Still, however, C-11 is problematic because it takes voluntary measures arrived at among a half-dozen or so incumbent telecom and cable companies and applies them to the rest of the 400-500 small ISPs that exist across Canada. The new law will force them to assume roles that most have rejected on privacy and freedom of expression grounds.
Second, the new bill mandates that all ISPs retain data on those targeted for notices for six months and to disclose the identity of Internet subscribers under court order. This is a new element introduced by C-11 over and above the current voluntary arrangements. The goal should be to minimize, rather to increase, the collection and retention of subscriber data by digital intermediaries.
Third, as the Chilling Effects Clearinghouse and the Electronic Frontier Foundation’s Take-Down Hall of Shame illustrate, U.S. copyright claimants frequently launch claims based on broader assertions than the law permits. The chilling effect on free expression is considerable since many people simply stop whatever they were doing when sent a notice of alleged copyright infringement rather than wander on to uncertain terrain.

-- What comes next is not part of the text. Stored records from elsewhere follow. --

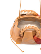 This beautifully structured handbag features premium leather in a warm tan hue, complemented by intricately braided handles and charming foulard accents in vibrant yellow and red tones. The dome-shaped silhouette offers a sophisticated yet playful aesthetic, while the detachable shoulder strap provides versatile carrying options.
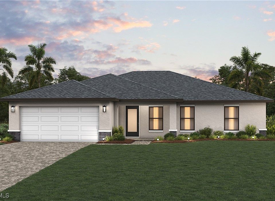 NEW CONSTRUCTION WITH WARRANTY! The Hibiscus open-concept design blends the living room, kitchen, and dining area, the ideal space for gathering and entertaining. The living room features a tray ceiling and a wall of glass sliders that open to the large covered lanai, where you’ll create the perfect outdoor oasis. The kitchen has a freestanding island and generous cabinet and counter space, including a pantry. The primary suite caters to life’s little luxuries – a tray ceiling in the bedroom, two large closets, and a private bathroom with a dual sink vanity and tiled shower. On the other side of the home for maximum privacy, two guest bedrooms share the second full bath. The home features a glass light front door, tile throughout the main living areas & wet areas, hurricane-impact doors & windows, granite counters in the kitchen & baths, stainless steel appliances, paver driveway, & so much more!
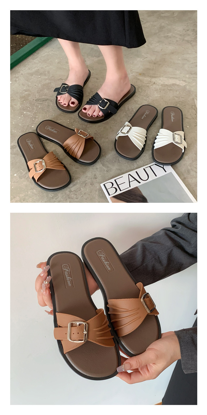 디자인 센스 틈새 슬리퍼 여성 여름 외부 착용 프랑스 휴가 레저 해변 플랫 슬리퍼 새로운 스타일
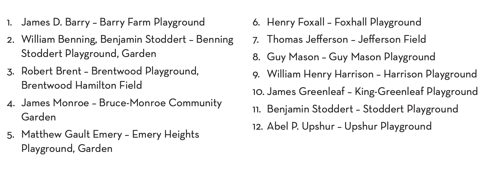 In addition to its renaming and contextualizing recommendations, the group outlined ways to “fortify DC values” when dedicating public works going forward. Its research showed that 70% of the city’s assets are named for white men, many of whom did not live in D.C.
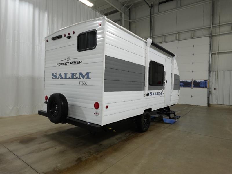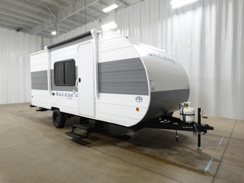 The Forest River Salem FSX travel trailers and toy hauler travel trailers are ultra comfortable and lightweight, perfect for first time or seasoned campers alike! You will love how easy it will be to relax with residential features that will make your space feel just like home, and the durable construction means you can enjoy your RV for years to come. There are a wide variety of floorplans to choose from, including couple's trailers, bunk models, and toy haulers, all with full bath and kitchen amenities and plenty of storage for all your gear!
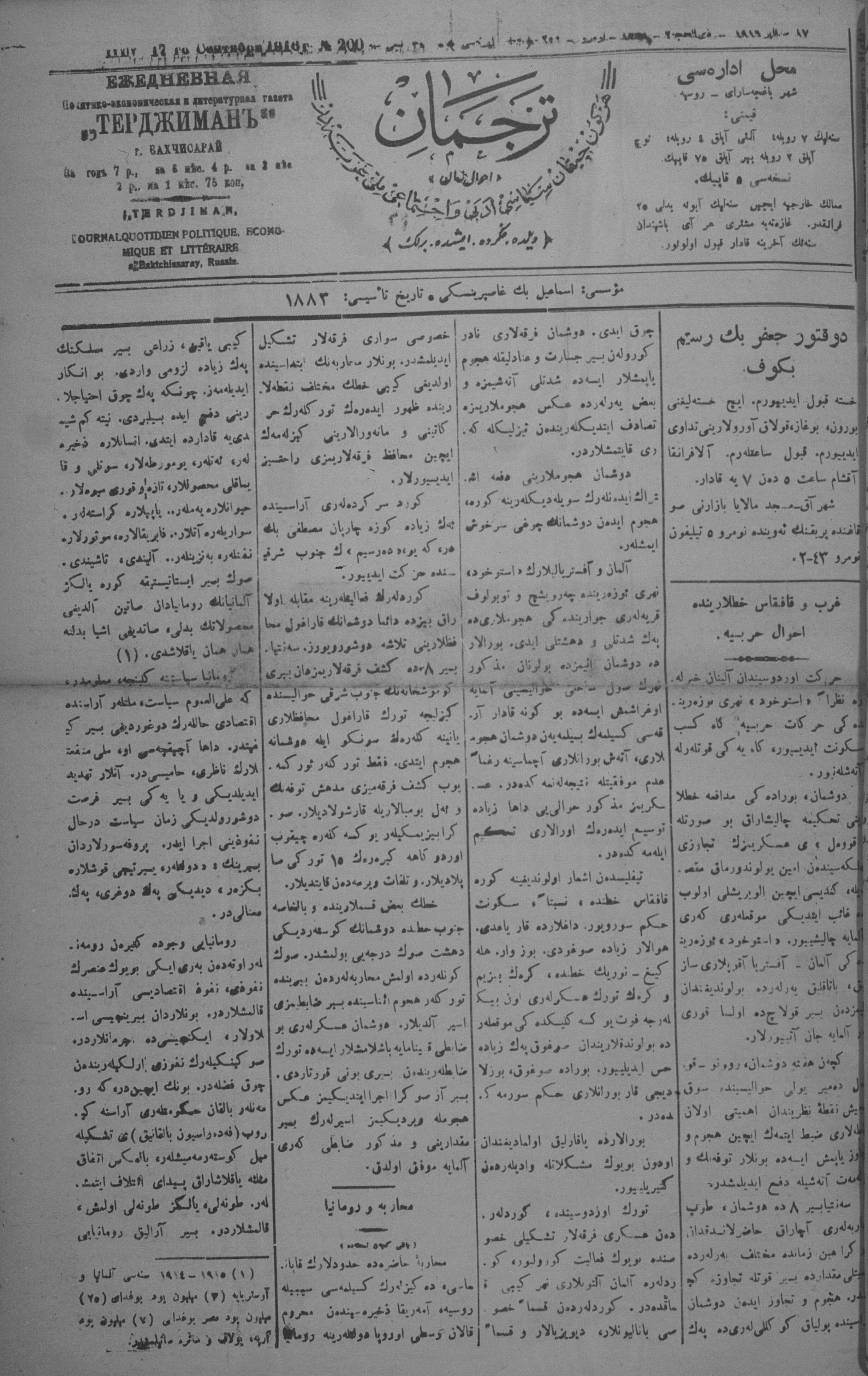 | dc.description | Turkish-Russian newspaper published in Crimea by İsmail Gaspıralı. | |

Copyright holders’ opposition to new user rights will also likely result in them working very hard to define these rights as narrowly as possible. A legally mandated notice and notice regime will serve them well.
C-11 will not turn ISPs and other digital intermediaries into gatekeepers on its own. Yet, the last thing we need is to give Canada’s vertically-integrated telecom-media-Internet conglomerates — Bell, Shaw, Rogers, QMI, Cogeco — more reasons to exert greater control over information flowing through their networks. They already discriminate in favour of their own services, and use deep-packet inspection technologies at very high levels relative to global standards (see here). Extending the notice and notice regime — plus new data retention and disclosure mechanisms — to all ISPs will only bolster the steady drift to network-centric models of control and perpetual copyright.
Seen in this context, digital locks are important but the possibility that notice and notice will become the law of the land deserves far more scrutiny than it has thus far seen.